Came the Winter, table bare,

He couldn’t eat what wasn’t there …

The dreadful fate of this poor man

Was due to lack of garden plan.

 

However, the films that had most impact on those concerned with food were the Food Flashes, of which some two hundred were made for the Ministry of Food between March 1942 and November 1946, each one with an average estimated audience of twenty million. Each was only fifteen seconds long, offering a useful tip on making the best of the available food in a punchy and humorous way, often using famous faces like ‘Cheerful’ Charlie Chester. A great many were made by Cecil Hepworth, one of the pioneers of pre-First World War cinematography who had effectively gone into retirement in the 1920s but returned to the business to contribute his talent to the propaganda drive. In 1950, he was one of the first six Fellows of the British Film Academy. One of the films, devoted to the cooking of greens, hints at the light tone of the series: ‘Thanks to the weather and – yes, old man – the growers, we have wonderful supplies of fresh vegetables just now. But don’t murder the vitamins now, will you. Boil quickly in very little water …’. They played an important role in fostering the climate in which people learned to love their home-grown produce.

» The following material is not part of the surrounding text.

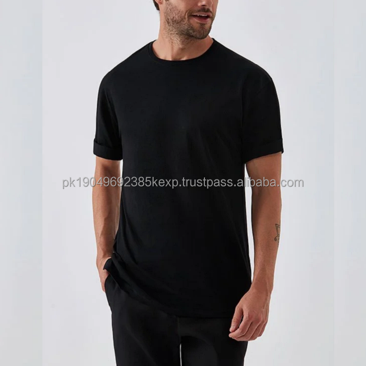 T-shirt noir vierge de haute qualité 100% coton premium T-shirts personnalisables avec logo Impression personnalisée T-shirt col rond pour homme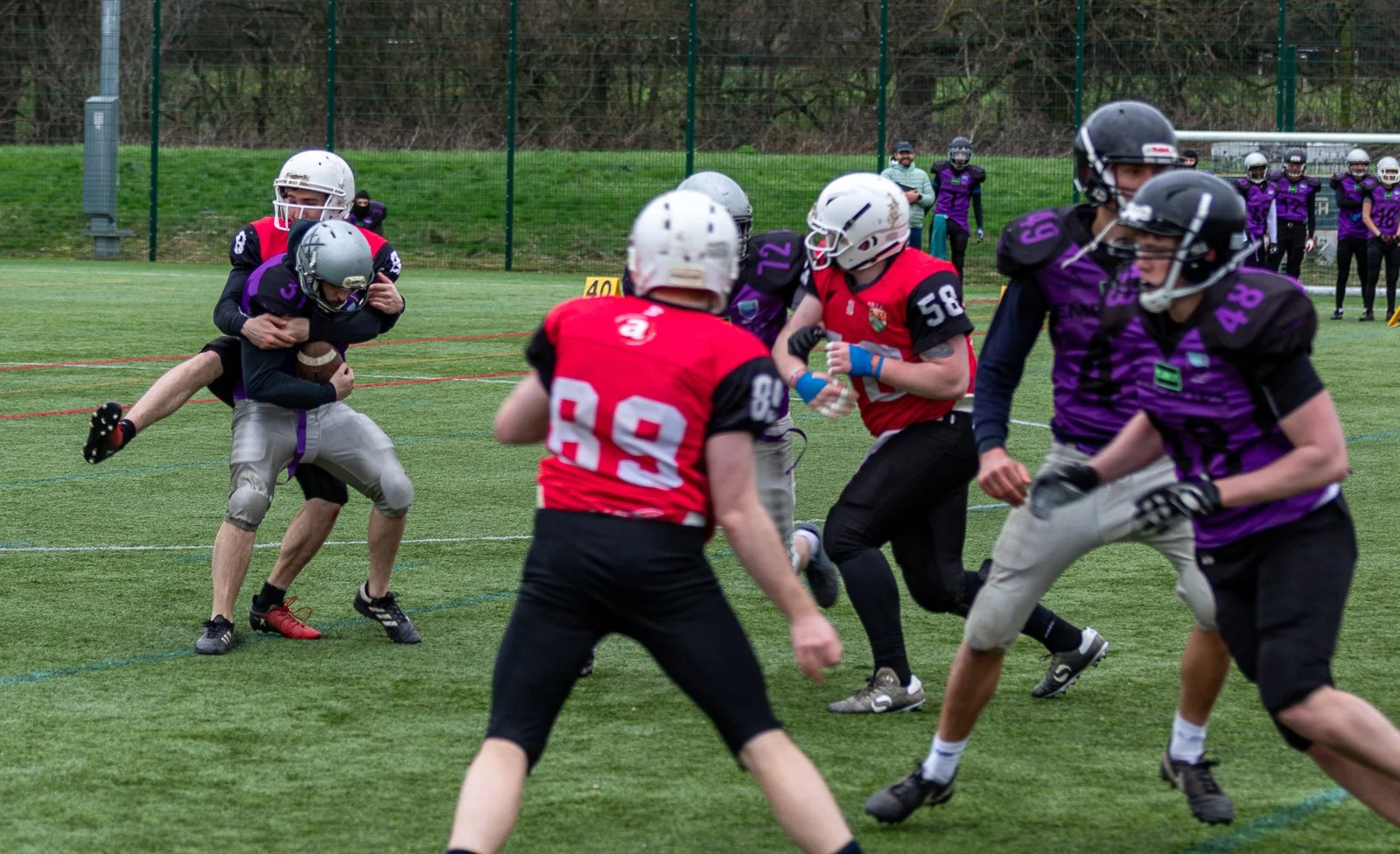 American football players in red and purple uniforms during a game, with one player in red holding the football while being tackled by a player in purple, on a grassy field with some team members and spectators in the background.

For a nation that had to some extent fallen out of love with the soil over the preceding two centuries, reigniting that passion for the fat of their own land was the challenge that faced those in charge of the campaign. As Wise Eating in Wartime, a collection of advice from Kitchen Front broadcasts, had it: ‘Today we are interested in food as never before. It’s taken a war to make us interested, but that’s by the way.’

Government officials and members of the creative industries harnessed the potential of all the media available to them and won over popular opinion through a mixture of practical advice, good humour, poignancy and appeals to the public’s sense of duty. It was a job done with consummate brilliance by professionals prepared to mine their own pools of creativity to produce work that, technical advances apart, stands up impressively to the scrutiny of our own multi-media age.